I read a fascinating paper here by folks involved with the original C-Store project that was the genesis of Vertica (thanks to this blog for providing the link to this paper). I hadn’t realized that Vertica essentially sprang right out of academia, and it’s really interesting to see how the original research concepts and principles translated to production code. Most interesting is that many of the principles held up!
One aspect of Vertica that I read mixed reviews about was the notion of a Projection. ParAccel says that projections are a crutch that Vertica uses to improve performance, Vertica says that projections are a misunderstood core feature. This confusion about projections is so rampant that Vertica wrote a three-part blog post to explain what projections are and why they’re good.
The summary on projections is as follows. Think about a regular relational table. In most relational databases, a plain table will be stored as a heap, which is an unordered pile of rows. Fast to insert into (just throw the inserted row on the pile), generally slow to query from (look at every row to find what you need). To access the data quicker in this standard scenario, you could:
1) Store the data in some sort of ordered manner instead of in a heap. The ordering will give most queries a shot at not having to scan every row.
2) Build indexes on top of the data that order the data in various ways that are useful to common queries.
#1 above is what is called a Clustered Index in SQL Server or an Index Organized Table in Oracle, and it is a good technique for improving the performance of most queries. There’s a penalty during data insertion because the trees need to be split and rebalanced, but the payoff usually outweighs the cost.
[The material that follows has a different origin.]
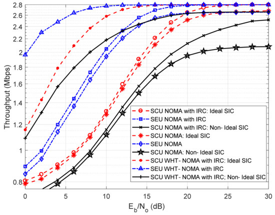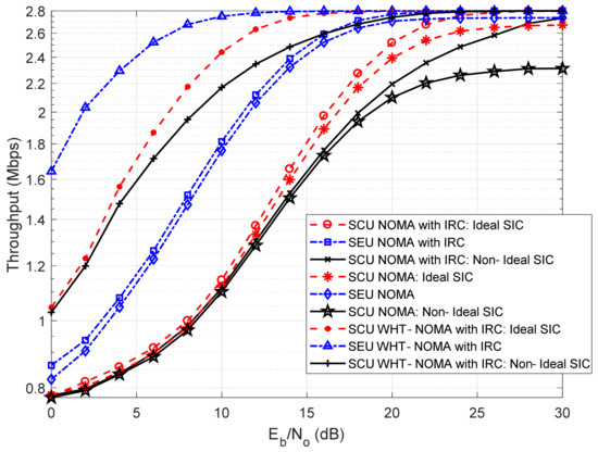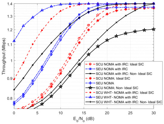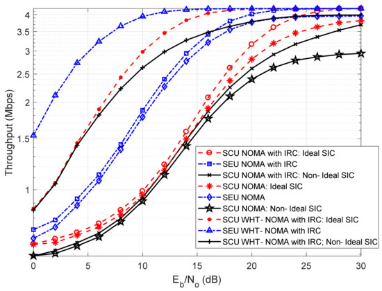 Throughput performance with IRC using BPSK modulation; NOMA vs. WHT–NOMA, power allocation: SCU = 0.2 and SEU = 0.8.

#2 above is the standard approach of ordering the data and storing pointers into the heap for data retrieval. There are variations of this, such as including additional columns in the index, that allow index access to fully satisfy the query without needing to follow the pointers to the actual data rows.
With this background, we’re close to being able to talk about Vertica’s projections. The final piece is to talk about Materialized Views. MV’s are queries (views) whose results are persisted in the database for future access. They are very powerful in relational databases because they can act as aggregate tables, denormalizations, and other precalculations without the original query directly accessing them – the optimizer simply uses them if they contain the data has been requested.
So we’ve got three notions: data stored in a heap with indexes for fast access, a Clustered Index or IOT where the data is stored in an optimized way so that indexes may not be needed, and materialized views where data is stored in a heap/CI/IOT and then stored again in a form that supports querying. How do Vertica’s projections fit in here?
Projections are the actual data storage mechanisms in Vertica. They’re not indexes on top of data, they are the data. They’re like clustered indexes in that the data is stored in sorted order to enable excellent compression and fast retrieval. They’re like materialized views in that the collection of columns they contain is arbitrarily defined by the admin. They’re like covering indexes in that excellent projections contain all the columns a query needs.
At one extreme, each column of data is stored just once. At the other extreme, various columns are stored multiple times due to their membership in different projections. Let’s look at an example. Below is a transaction table consisting of three projections:
The projections are as follows:
- Projection 1 holds the data for columns OrderNbr, ItemId, and Qty
- Projection 2 holds the data for columns ItemID, Qty, and UnitPrice
- Projection 3 holds the data for columns OrderNbr, Item Id, Qty, and Discount
Together, all the columns in the table are represented in at least one projection. The projections themselves are useful subsets of the overall set of columns in the table, such that the query optimizer could choose which projection contains most or all of the columns that need to be processed by the query. Each projection stores the actual data of the columns it contains, so all projections take up space.
Vertica diverges from theory in the sense that it defines a fourth (or zeroeth?) projection, the superprojection. The superprojection contains every column in the table and ensures that there’s a baseline storage and retrieval mechanism for Vertica to use without the data modeler having to explicitly define it. All the other projections are in addition to the super projection.
And now, finally, we can circle back to the mixed reviews on Vertica’s projections.
Vertica’s clarification of all the FUD surrounding projections is this:
“The idea that Vertica needs a special projection for every query in order to get good performance is just wrong.” (from the link above)
This statement is in response to ParAccel and others telling prospects that Vertica is compensating for slow queries by building special ‘materialized views’ that pre-store only the data that is needed for queries. Instead, the argument is that a few well-chosen projections will result in very good performance for the majority of queries, and the standard superprojection will handle everything else. This is no different than indexes on SQL Server handling the majority of queries and the clustered index handling the rest.
There is an argument to be made that Vertica’s redundant storage of column data in the projections makes them like materialized views, but the counter to this statement is that the data compression is so significant that you can afford to carry around a few copies of a column.
Ultimately, it feels like Vertica’s core storage mechanism, the projection, is being used against it pretty well by competitors. I myself like the whole projection idea, although I think it would be ideal if the superprojection could be replaced by a complete set of projections that together represented each column in the table once and only once. This would allow you to provide an optimal ‘starter’ set of projections that would handle most queries efficiently without redundant column storage or need for additional projections in many cases.